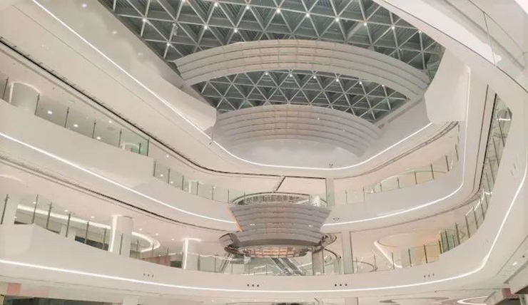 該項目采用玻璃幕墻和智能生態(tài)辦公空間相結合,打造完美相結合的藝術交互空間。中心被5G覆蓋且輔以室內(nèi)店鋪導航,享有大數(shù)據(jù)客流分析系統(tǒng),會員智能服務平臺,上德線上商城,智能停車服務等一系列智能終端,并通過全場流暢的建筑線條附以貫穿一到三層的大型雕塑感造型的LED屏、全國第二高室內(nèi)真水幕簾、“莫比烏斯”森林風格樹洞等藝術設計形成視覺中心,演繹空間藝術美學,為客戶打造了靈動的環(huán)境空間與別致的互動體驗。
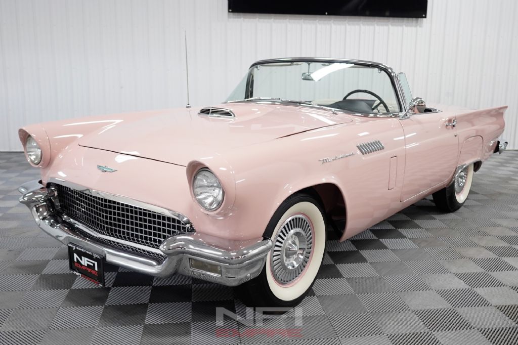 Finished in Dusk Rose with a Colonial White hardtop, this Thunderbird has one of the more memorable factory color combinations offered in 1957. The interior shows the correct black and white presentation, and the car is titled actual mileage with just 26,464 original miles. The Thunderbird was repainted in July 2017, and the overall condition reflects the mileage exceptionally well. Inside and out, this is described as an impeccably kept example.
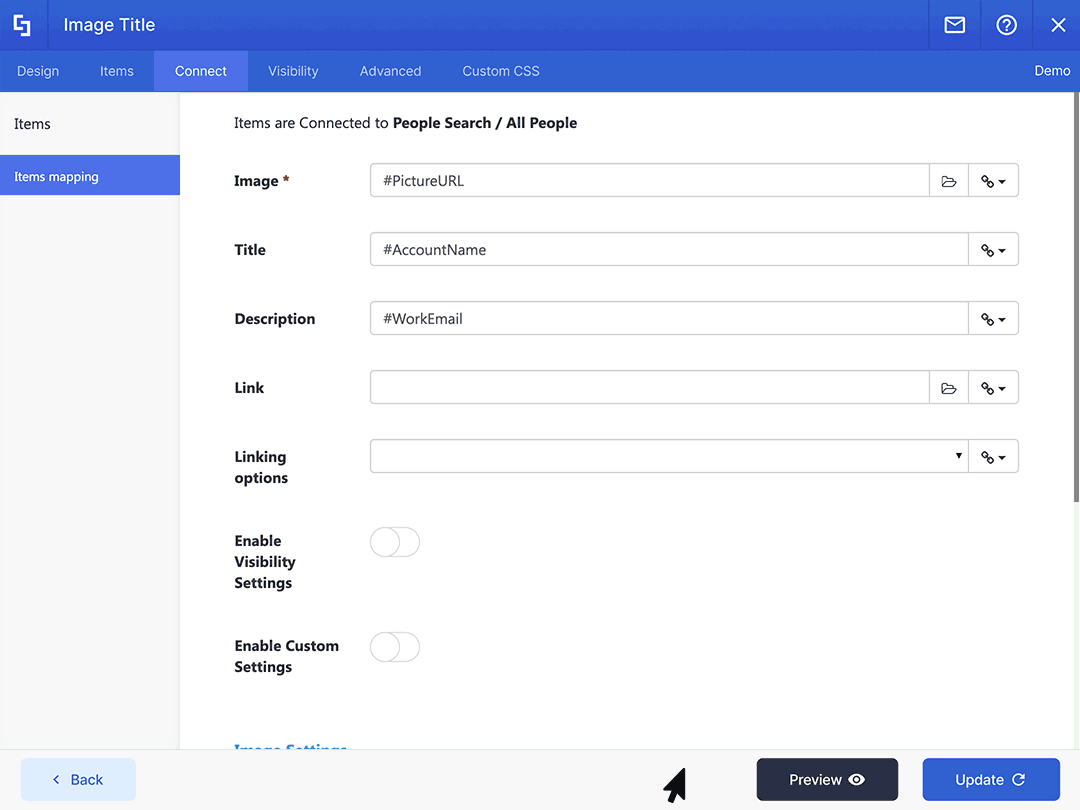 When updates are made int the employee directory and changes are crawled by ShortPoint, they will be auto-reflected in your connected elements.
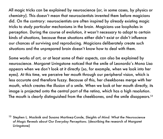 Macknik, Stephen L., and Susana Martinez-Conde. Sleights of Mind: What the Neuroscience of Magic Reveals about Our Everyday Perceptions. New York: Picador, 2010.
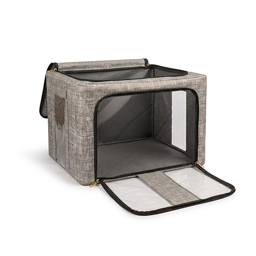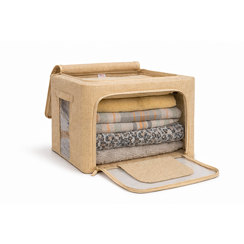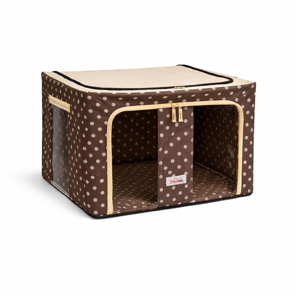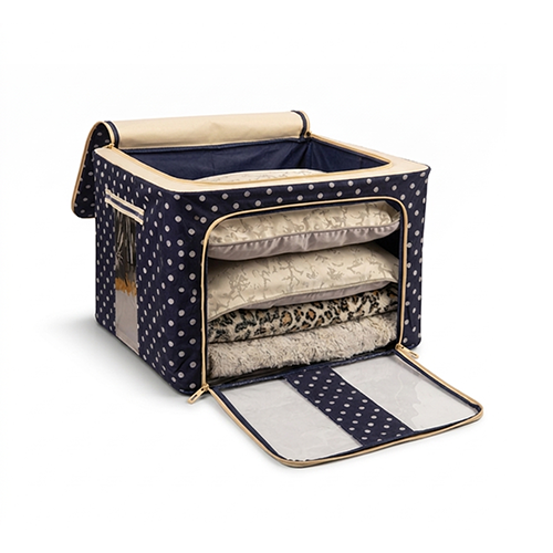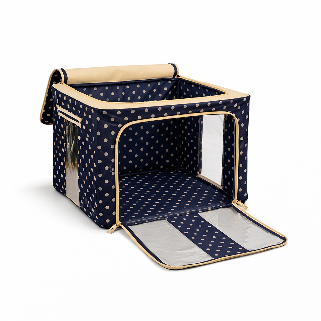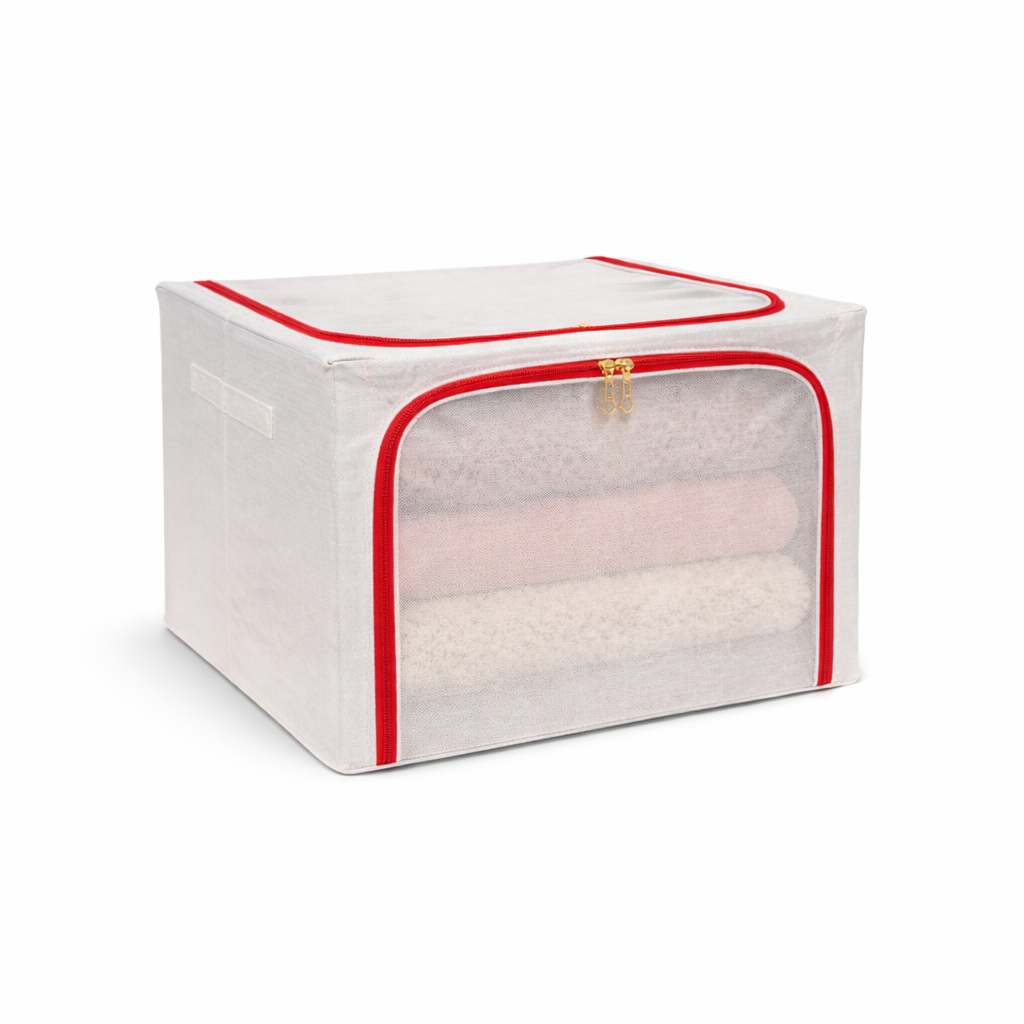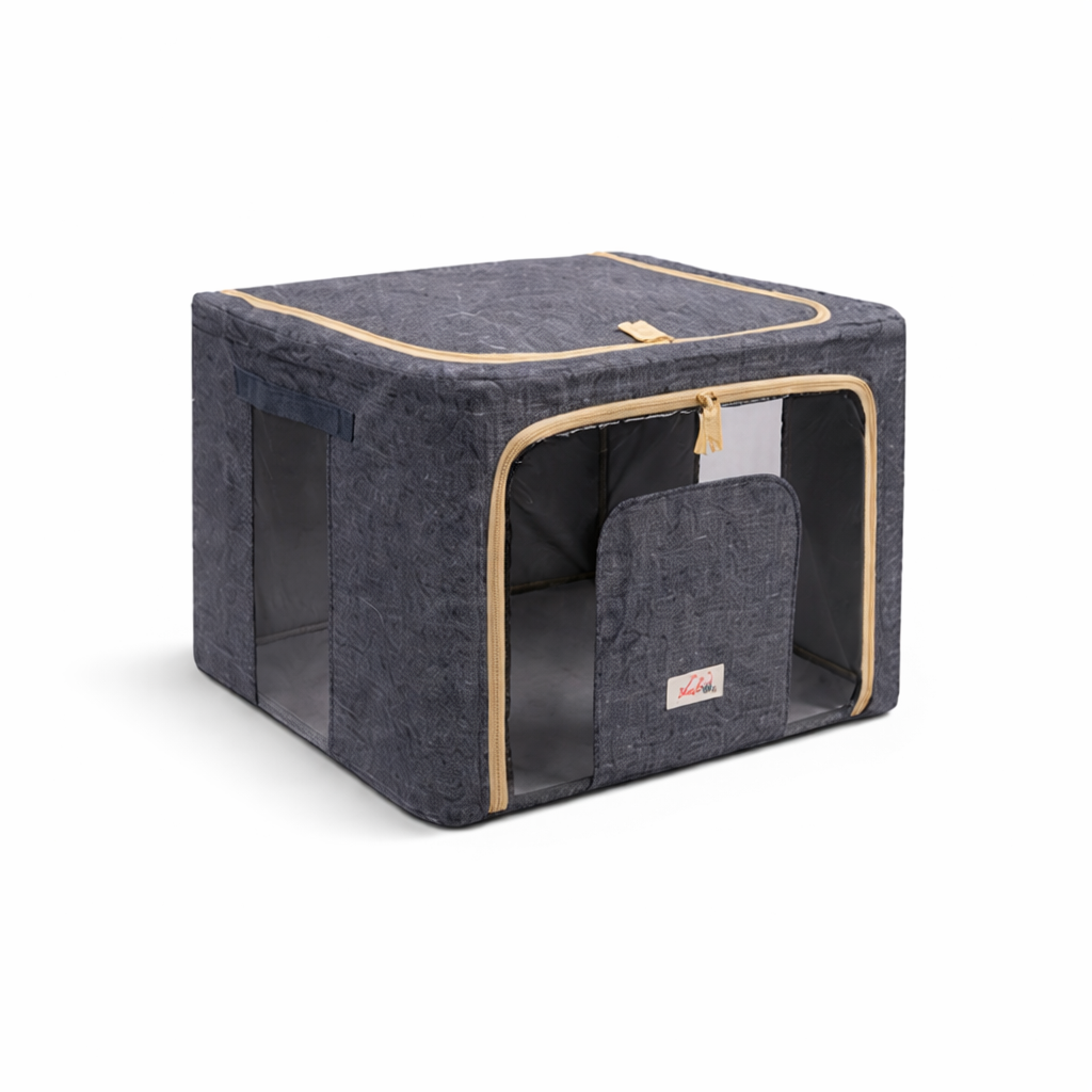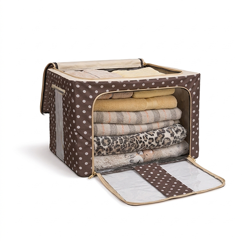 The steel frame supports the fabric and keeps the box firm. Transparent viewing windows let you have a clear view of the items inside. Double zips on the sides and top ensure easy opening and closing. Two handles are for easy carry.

▸ Problem details: Word for word, restate the lines from the line containing "Macknik, Stephen L., and" through the end of the data, including the first and last of them. Pictures stay out.

▸ Finished exercise:
 Macknik, Stephen L., and Susana Martinez-Conde. Sleights of Mind: What the Neuroscience of Magic Reveals about Our Everyday Perceptions. New York: Picador, 2010.
 The steel frame supports the fabric and keeps the box firm. Transparent viewing windows let you have a clear view of the items inside. Double zips on the sides and top ensure easy opening and closing. Two handles are for easy carry.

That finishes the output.